Wednesday, August 12, 2009

The Wolf Man (1941) - George Waggner

!!SPOILERS!!

As a remake of the classic horror movie The Wolf Man is due next year, with an all star cast of Anthony Hopkins, Benicio Del Toro, Hugo Weaving and Emily Blunt, I thought it would be an appropriate time to dig up one of my older drafts of a review on the 1941 version featuring Lon Chaney, Jr and Bela Lugosi and put it up on Macabresque.

The film is about Larry Talbot, who returns to his homeland, Wales from the US upon learning about his brother's death. One night, as he is walking with a woman called Jenny Williams around the gypsy camp near the town, he is attacked by the werewolf/gypsy Bela.

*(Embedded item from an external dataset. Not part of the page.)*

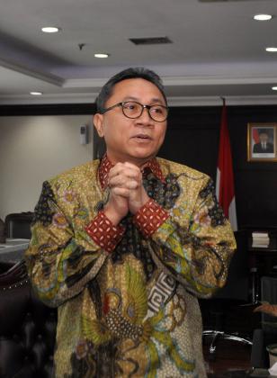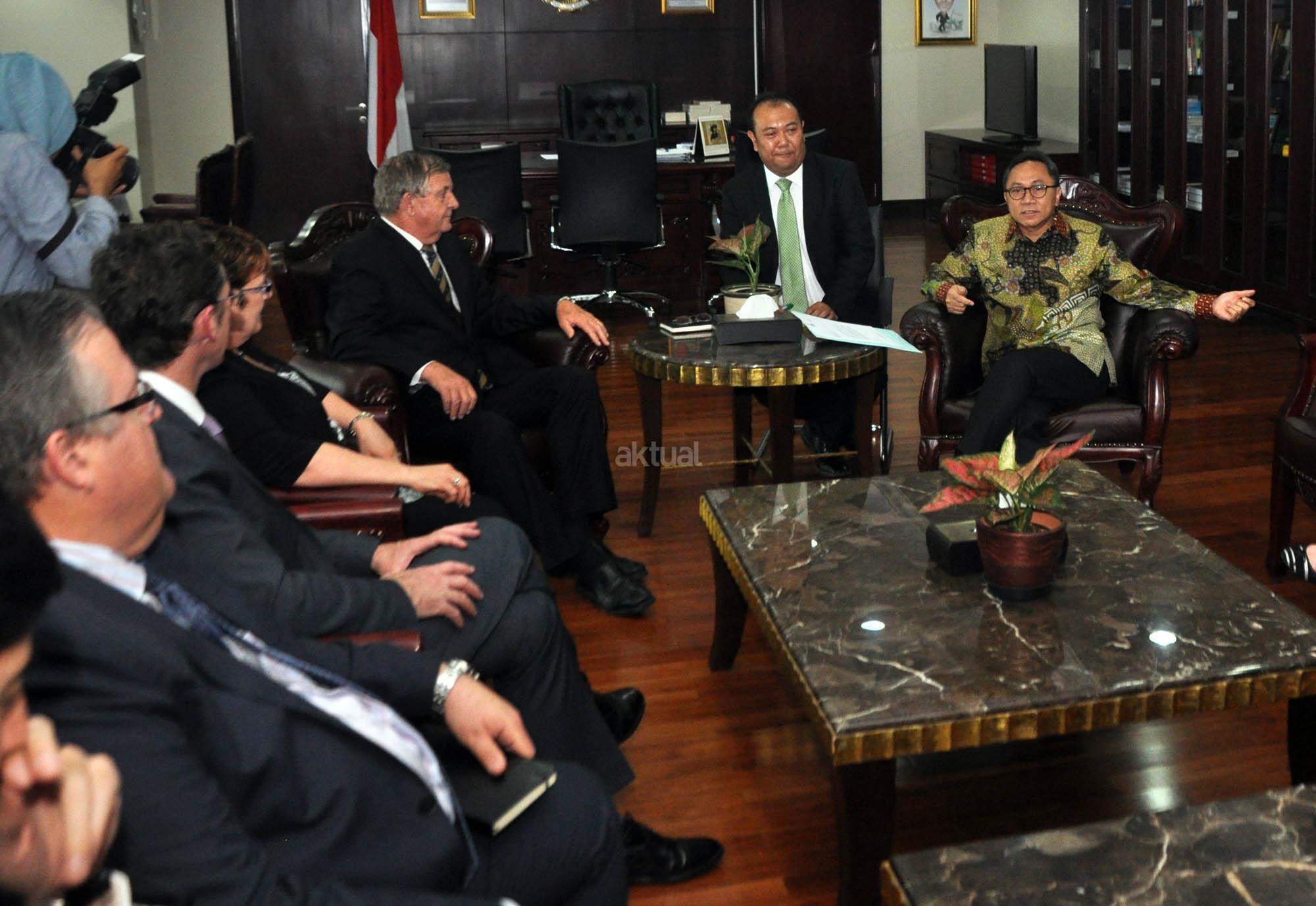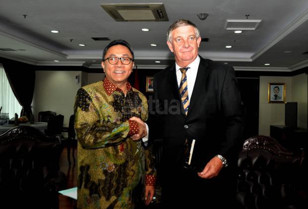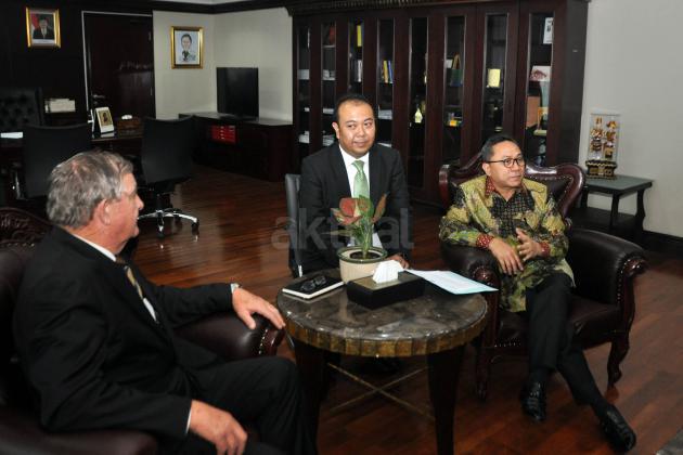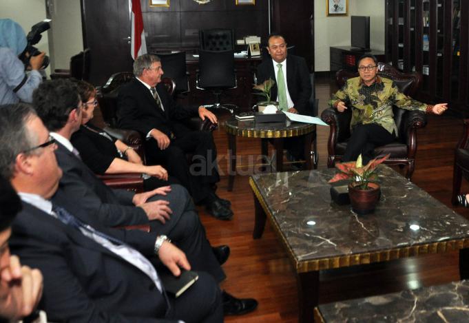 Ketua MPR RI Zulkifli Hasan (kanan), menjawab berbagai petanyaan wartawan disela pertemuan dengan delegasi angota Senator dan Parlemen Australia yang dipimpin oleh Senator Chris Back (kiri), di Gedung Parlemen, Senayan, Jakarta, Senin (28/9/2015). Pertemuan tersebut untuk menjalin kejasama antar parlemen.

Larry manages to kill him but is bitten during the process. Bela's mother Maleva tells him that he's marked (he has a pentagrad appearing in his hand) and that he will turn into a werewolf during certain times. The rhyme popularised by this movie goes:

Even a man who is pure in heart

and says his prayers by night

may become a wolf when the wolfbane blooms

and the autumn moon is bright.


Talbot then starts turning into werewolf and terrorising the townsfolk. He tells his father Sir John about his curse, but he doesn't believe him. Sir John, hunting down the "wolf", finally catches him and kills him, only to find out that it was actually his son Larry, when he turns back into his human form.

Gypsies were often represented as untrustworthy, uncanny (bearing an uncanny sexuality) and supernatural people in gothic literature and early horror cinema. Bram Stoker, for example, employs them as Dracula's faithful servants. In old horror movies, a gypsy is, by default, an old hag who looks at whatever tool available to see the future (tarot cards, crystal spheres, palms) and see ill omens.

This is far from the romantic image of gypsies as an irrational (by which I mean "not belonging to the rationality of the Enlightenment and current capitalistic world order") people who hail each and every minute of life (and death) with songs and dance in a joyful manner - an image brought to life by such directors as Emir Kusturica and Tony Gatlif and recently bands like Gogol Bordello.

The Wolf Man presents a mixture of both these images related to gypsies. This is a movie set in England and it bears elements from the gothic literature tradition. In that same spirit, gypsies are portrayed as a source of the supernatural and as an uncanny people, yet they are not agents of absolute evil. They are allowed to live their tragedies. When the gypsy Bela dies, the old gypsy woman Maleva and a priest have a conversation about how the funeral service should be. Maleva does not want a Christian service, which makes the priest angry. He says he knows what they do, they dance and sing around the dead. To this, Maleva replies, "Us gypsies bury our dead like this for a thousand years. I couldn't change this tradition even if I wanted to."

This in an interesting case of representing a minority, that has been subject to much discrimination until very recently, in a more humanistic light. One may wonder if it has anything to do with the screenwriter Curt Siodmak being a victim of the Nazi policies, and having to escape his homeland, Germany, and move to the US, and therefore understanding the plights of being a minority.